How to Invoke SQLXMLBulkload

The script to call the bulk loader is pretty simple – my example below was simply saved in notepad with a .vbs extension, which is then executed with a double click (or could be called from SSIS using an Execute Process task).

Set objBL = CreateObject(“SQLXMLBulkLoad.SQLXMLBulkLoad”)
objBL.ConnectionString = “Data Source=SERVER\INSTANCE_NAME;Initial Catalog=TARGET_DATABASE;Provider=SQLNCLI10.1;Integrated Security=SSPI;”
objBL.ErrorLogFile = “C:\error.log”
objBL.Execute “C:\sample.xsd”, “C:\sample.xml”
Set objBL = Nothing

Handling Elements with sub-Elements only with sql:is-constant

Now, to the problem. My XML source contained a nested Element which had no content itself, but had further multiple occurences of a nested Element within it, as below:

<Nuts>
<Nut Id = “1” Name = “Peanut”>
<Photos>
<Photo>nutty1.jpg</Photo>
<Photo>nutty2.jpg</Photo>
</Photos>
</Nut>
<Nut Id = “2” Name = “Cashew”>
<Photos>
<Photo>nutty3.jpg</Photo>
<Photo>nutty4.jpg</Photo>
</Photos>
</Nut>
</Nuts>

For ages I was going in circles trying to get the relationship set between the Nut and Photo elements (using the sql:relationship annotation) but had endless trouble because each nesting demanded a relationship – so it looked like it needed a Nut > Photos > Photo relationship, but because the Element <Photos> had no data items there was nothing on which I could establish a relationship. Eventually I stumbled upon the sql:is-constant annotation which tells the XSD schema that the element doesn’t map to a database table or column – and one of its documented uses is specifically to create a container element, as my situation required. So my final XSD looked like this:

<?xml version=”1.0″?>
<xsd:schema xmlns:xsi=”http://www.w3.org/2001/XMLSchema-instance” xmlns:xs=”http://www.w3.org/2001/XMLSchema” xmlns:xsd=”http://www.w3.org/2001/XMLSchema” xmlns:sql=”urn:schemas-microsoft-com:mapping-schema” attributeFormDefault=”unqualified” elementFormDefault=”qualified”>
<xsd:annotation>
<xsd:appinfo>
<sql:relationship name = “Link” parent = “Nuts” parent-key = “Id” child = “NutPhotos” child-key = “Id” />
</xsd:appinfo>
</xsd:annotation>
<xsd:element name=”Nut” sql:relation=”Nuts”>
<xsd:complexType>
<xsd:sequence>
<xsd:element name=”Photos” sql:is-constant = “1”>
<xsd:complexType>
<xsd:sequence minOccurs=”0″>
<xsd:element name=”Photo” sql:field = “Photo” sql:relation=”NutPhotos” sql:relationship = “Link” />
</xsd:sequence>
</xsd:complexType>
</xsd:element>
</xsd:sequence>
<xsd:attribute name=”Name” type=”xsd:string” sql:field=”Name” />
</xsd:complexType>
</xsd:element>
</xsd:schema>

One tiny bit of annotation solved my headaches – understanding the flow of XML and how XSDs interpret it is definitely tricky, but it can be very powerful. Of course, the fact that this took me four hours to solve using SQLXMLBulkload, but 5 minutes in SSIS took the colour off it a bit, but SSIS can’t always be used, as was the case for the person I helped out.

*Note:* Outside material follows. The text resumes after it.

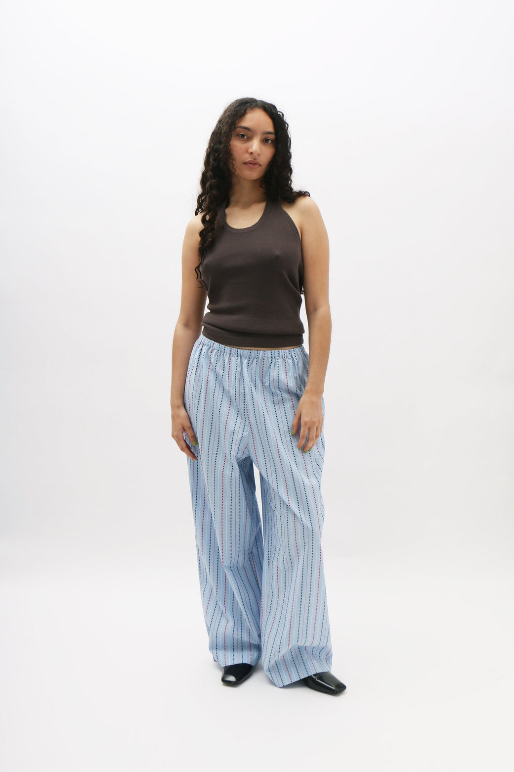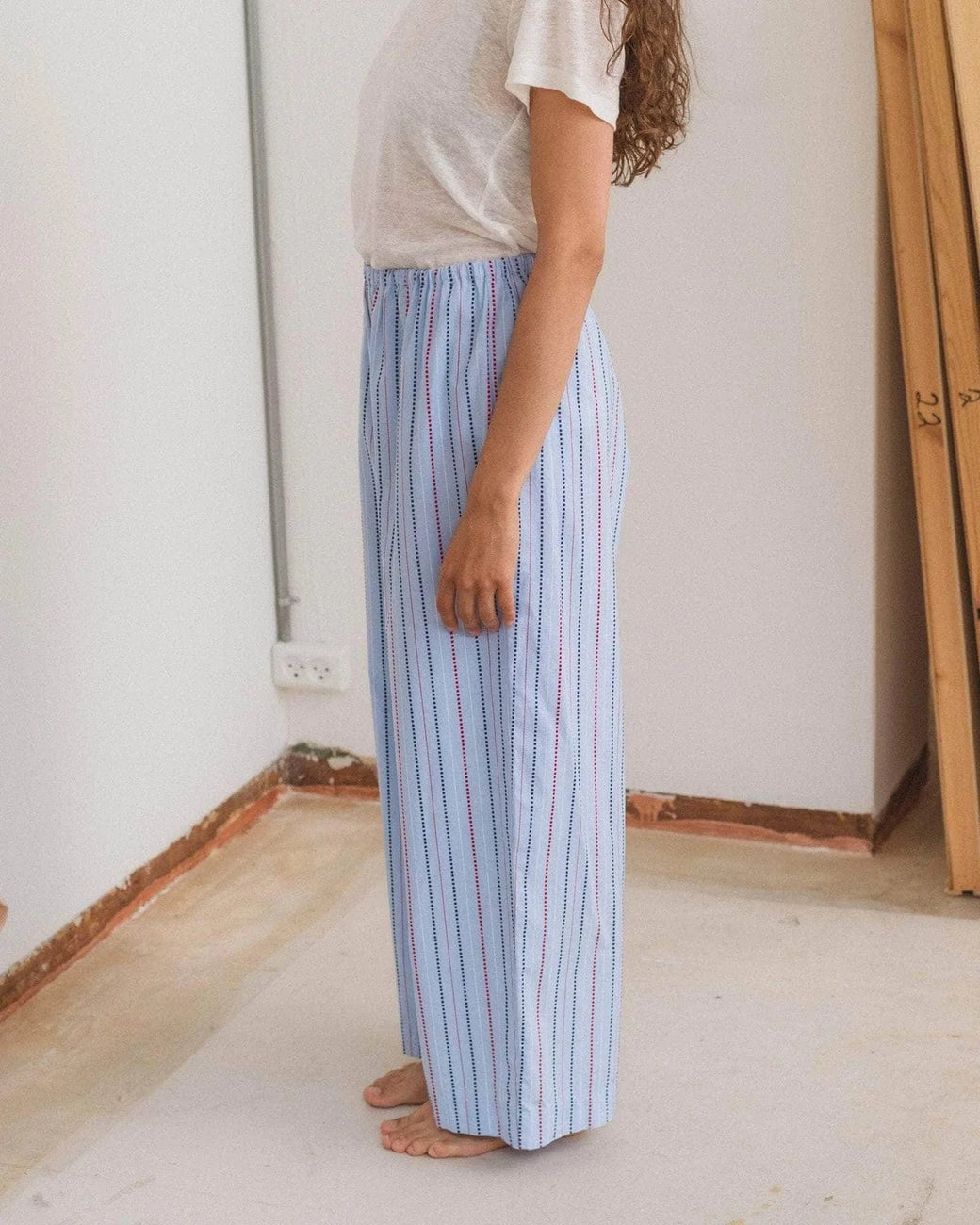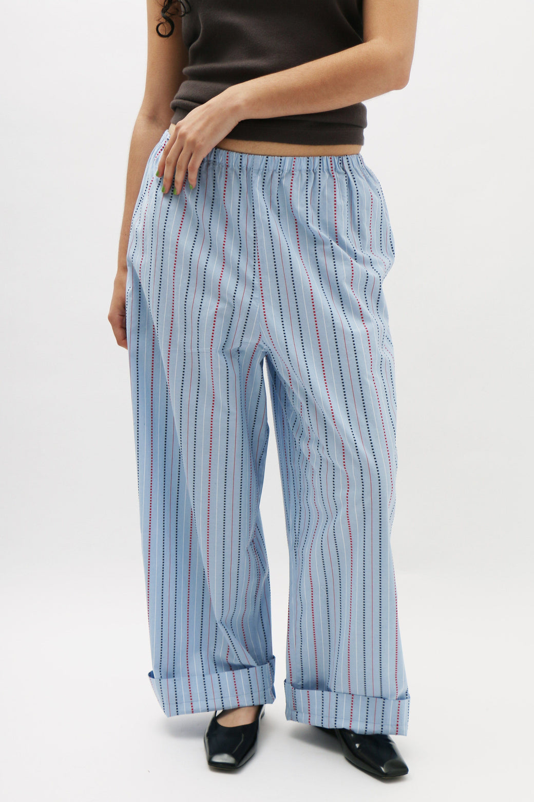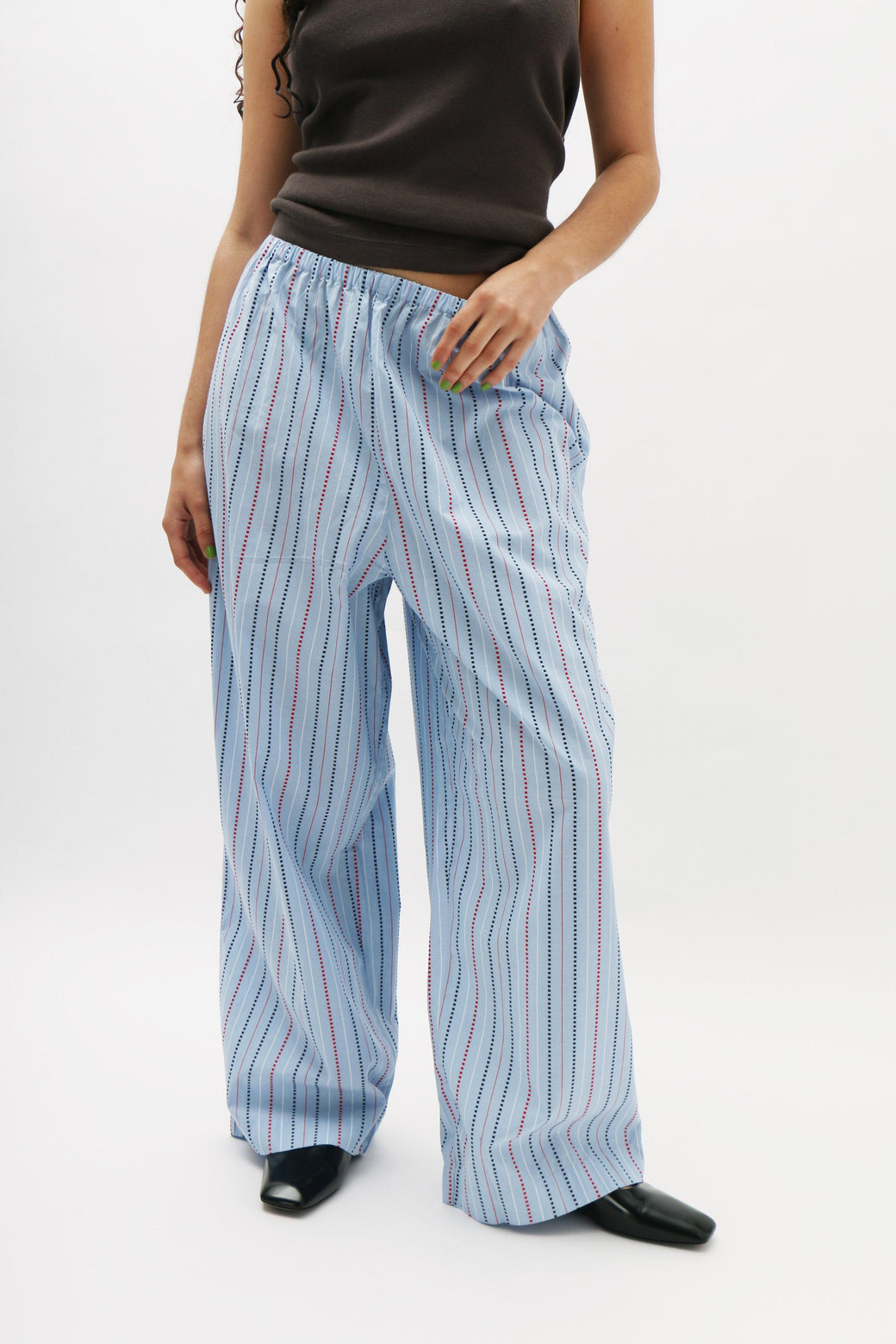 High-rise pants crafted from organic cotton poplin, featuring a comfortable elastic waistband for an easy, relaxed fit.

The SQLXMLBulkLoad documentation on MSDN is actually a good reference and well worth spending a little time going over so you can better understand this feature.

Read More

The XML Source component – The Basics

This post is going to cover the XML source component, which allows you to read data from XML sources into SSIS data flows. It is largely a rehash of a post by Matt Mason on the SSIS Team Blog, though this one has some samples to play with. A zip file containing the samples can be found here, read guidelines on use here.

Referencing the XML file, and its associated XSD

The XML Source is unusual in that it does not require a Connection Manager, but instead references a XML data source either as a direct reference to a file,a variable containing a file reference, or a variable containing XML data. These options can be found in the Data Access Mode of the Connection Manager Tab, shown below.

The XML Source Connection Manager Tab
Fig 1: The XML Source Connection Manager Tab

Apart from the XML file location, the XML Source also requires you to specify the location of the the XML Schema Definition (shortened to XSD) which specifies the locations, names and formats (text, numeric etc.) of the data items found in the XML file. This schema definition can exist as part the source XML file, in which case you can check the “Use inline schema” box, and the “XSD location:” box will grey out. See example 4 in the sample package for a demonstration of this. However beware that the schema must be within the data rows tag – see the connect article here for a full explanation, but the inline schema the XML source works with is not compliant to standards.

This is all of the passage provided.